O movimento browniano está onipresente nos gases e líquidos. Pode-se pensar em "construir" nanomáquinas capazes de explorar a energia representada por essa agitação térmica de moléculas. É o que os físicos tentam fazer há dez anos.

Em 2004, Christian Van den Broeck e seus colegas belgas e americanos tinham já feito simulações numéricas para demonstrar que o movimento browniano poderia um dia ser utilizado, pelo menos em princípio, para construir um motor à base do movimento browniano em contato com duas fontes de calor em temperaturas diferentes. Como o funcionamento de uma máquina térmica pode ser invertido para produzir, não mais trabalho a partir do calor, mas o inverso, também deveria ser possível fazer funcionar um refrigerador à base do movimento browniano...

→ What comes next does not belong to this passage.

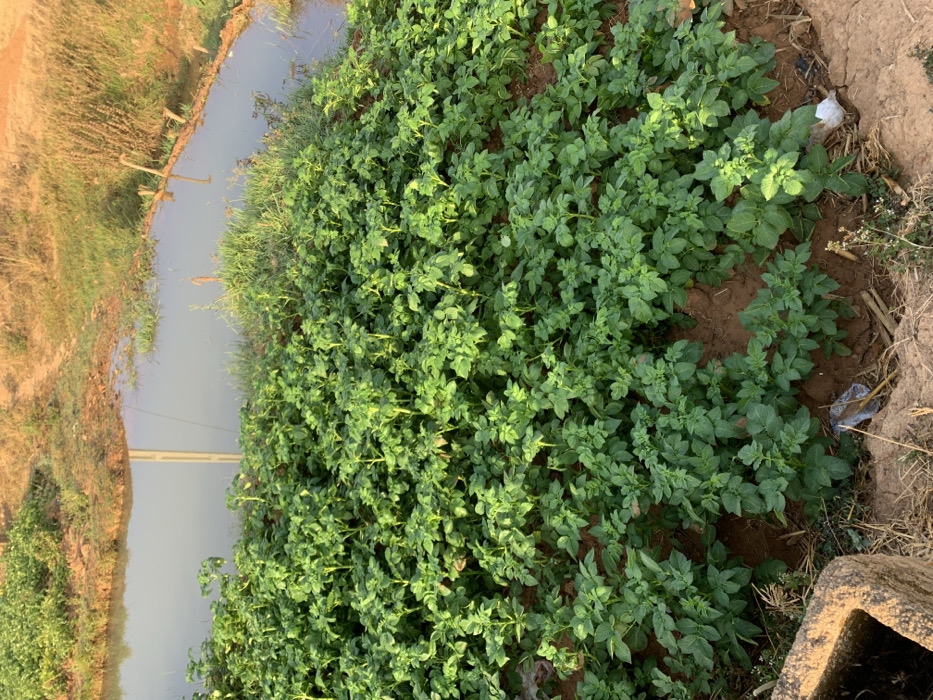 A vibrant green field of potato plants thrives alongside a narrow waterway

A chave: explorar as colisões moleculares

Christian Van den Broeck reexaminou a questão com Martijn Van den Broeck, da Universidade de Hasselt, na Bélgica. Chegaram a conceber os planos de um dispositivo com duas pás em forma de conchas de escargô, montadas sobre um eixo e mergulhadas em dois reservatórios de gás separados por uma membrana.

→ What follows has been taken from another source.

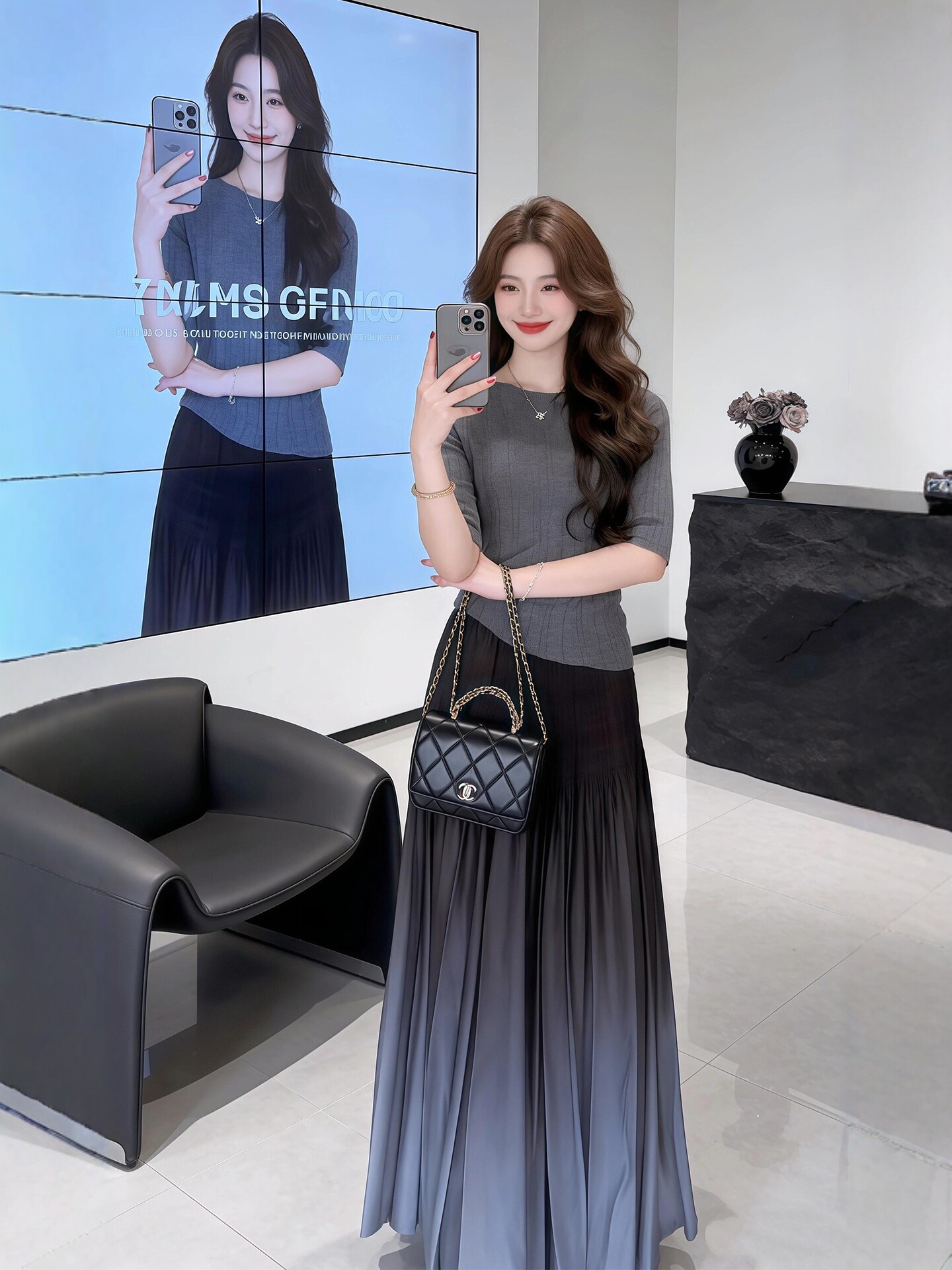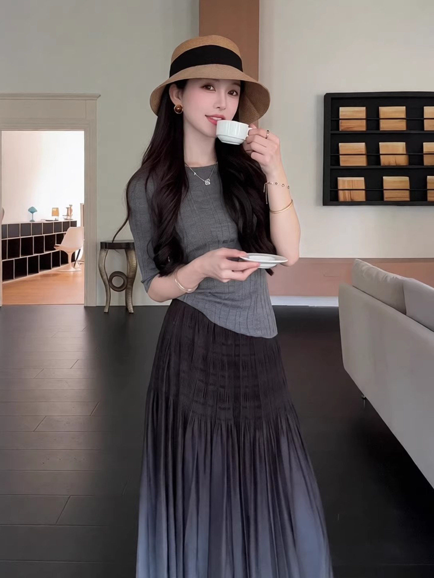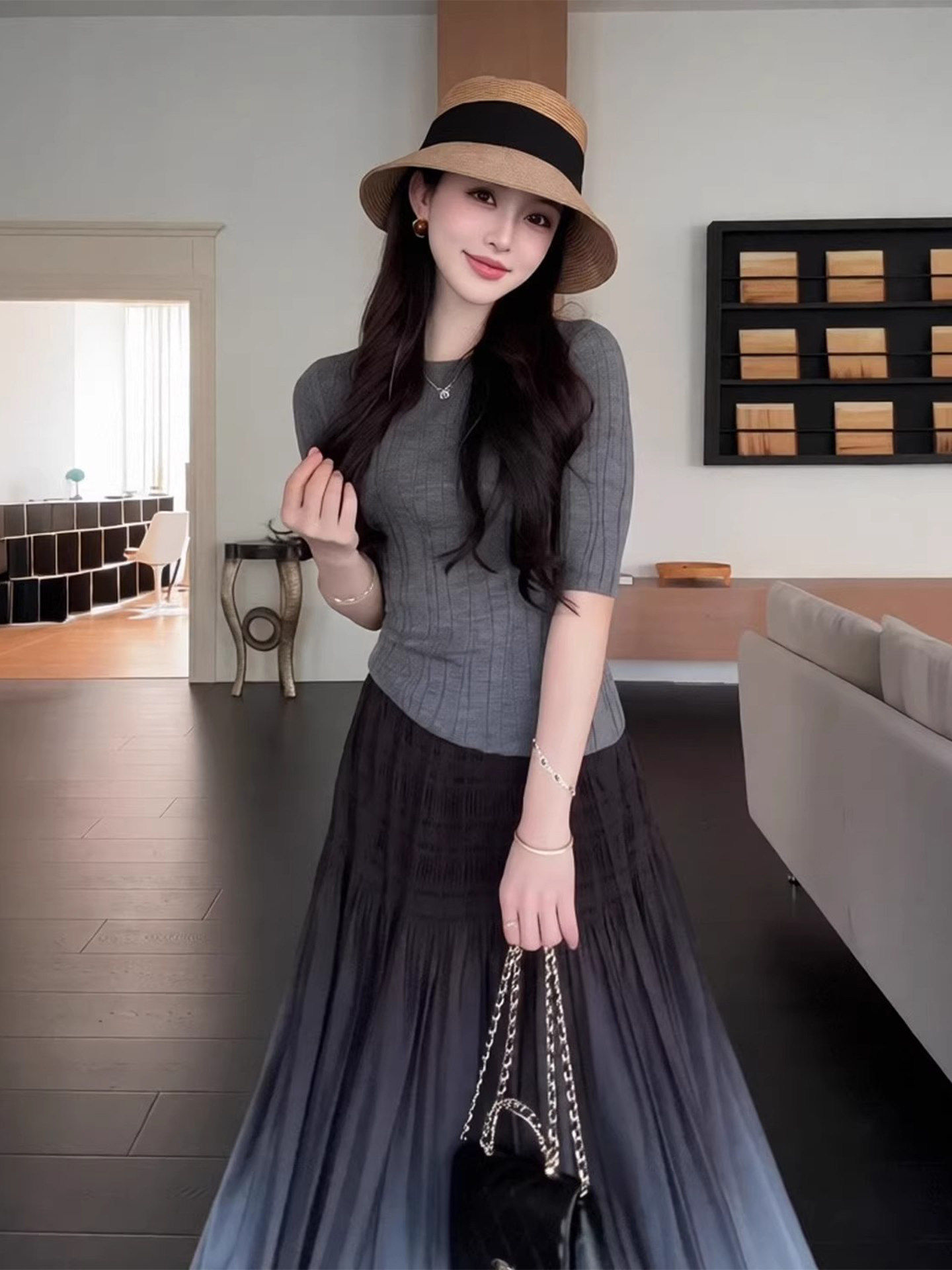 여름 코디 전체 집합 빅 사이즈 지방 mm 중간 소매 니트 스웨터 맨위 망사 반신 스커트 느긋한 레트로 세트 여성

Cada pá é submetida ao bombardeamento incessante e aleatório de partículas de gás. Um dos reservatórios constitui uma fonte de calor mais fria que a outra, o que é uma necessidade, conforme os princípios da termodinâmica, para fazer funcionar um motor ou um refrigerador.

A cada choque, uma transferência de energia cinética se produz em um ou em outro sentido. Estando o calor ligado a essa energia cinética produzida pelas partículas de gás, tal transferência pode servir para produzir trabalho ou, ao contrário, bombear calor. Quando o dispositivo funciona como motor, ele pode realizar até 1.000 giros por segundo em função do gradiente térmico entre os dois reservatórios separados pela membrana, segundo os cálculos dos dois pesquisadores.





Duas pás, mecanicamente ligadas, banham duas câmaras separadas onde as temperaturas, e, portanto, a agitação térmica diferem, o que faz girar o conjunto. Utiliza-se assim da energia do compartimento mais quente.

Créditos: Christian Van den Broeck



Finalmente, conforme Christian Van den Broeck, nanotubos de carbono poderiam ser utilizados para fabricar tais máquinas e milhares de sistemas desse tipo poderiam ser integrados em chips, ou outros dispositivos eletrônicos, para resfriá-los. Acredita ainda o pesquisador que essas máquinas poderiam ser muito úteis na criação de sistemas de engenharia biológica, nos quais o controle da temperatura é necessário para regular a velocidade das reações bioquímicas.

Futura-Science, consultado em 03 de dezembro de 2007 (Tradução - MIA).